En Japón, en un pequeño poblado no muy lejos de la capital vivía un viejo samurai. Un día, cuando él instruía a sus aprendices, se le acercó un joven guerrero conocido por su rudeza y crueldad. Su forma de ataque favorita era la provocación: él sacaba de sus casillas a sus oponentes, y cuando ya estaban cegados por la ira cometían errores en la pelea, el otro, tranquilo, comenzaba a pelear, ganándole con facilidad.
El joven guerrero empezó a insultar al viejo samurai, le lanzaba piedras, lo escupía y le decía las peores palabras que conocía. Pero el viejo se quedó ahí, quieto como si no ocurriese nada y continuó con enseñanza. Al final del día, el joven guerrero, cansado y enfurecido, se fue a casa.

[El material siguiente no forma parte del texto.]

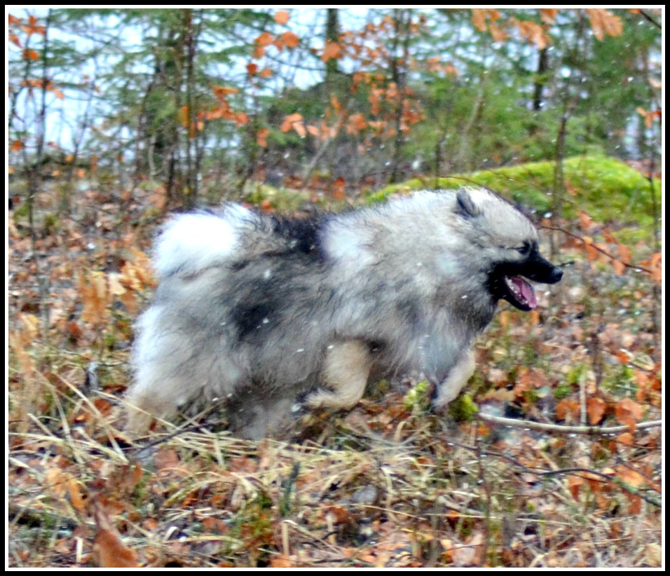 Ja hon hade ju förmånen att få gå lös den mesta tiden, till skillnad från våra tjejer som vi hade säkert kopplade i de mest djurtäta områdena men när vi kom ner till sjön så fick även de en stunds fri lek. Detta som synes till stor glädje för lilla Fia för då fick hon ju springa med 2/3 av de stora tjejerna..
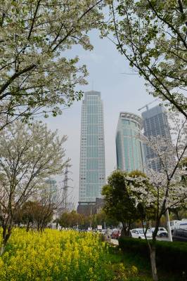 2003年,该区政府和园林局,在这繁华寸土如金的金融十字街西北湖旁,放弃杜绝了房地产开发的巨额回报,而是更注重造福百姓,进行湖边绿化美化,经过园林干群的不懈努力,到今年止己种植600余棵樱花树,有早中晚期、白红浅红绿4个花色品种的樱花,己成为该市第二大规模的樱花林,每年到樱花油菜花盛开的季节,这里成为居民群众踏青赏花的都市田园风光,成为他们幸福欢乐的海洋。

Los aprendices, sorprendidos de que el viejo samurai hubiese soportado tantos insultos, le preguntaron:
– Maestro, ¿por qué no peleó con él? ¿Tenía miedo de la derrota?
El viejo samurai respondió
– Si alguien se acerca con un regalo, pero tú no lo aceptas, ¿a quién le pertenece el regalo?
– A quien lo traía – respondió uno de sus discípulos.
– Lo mismo ocurre con el odio, la envidia y los insultos. Hasta que no las aceptas, le pertenecen a aquél que las traía.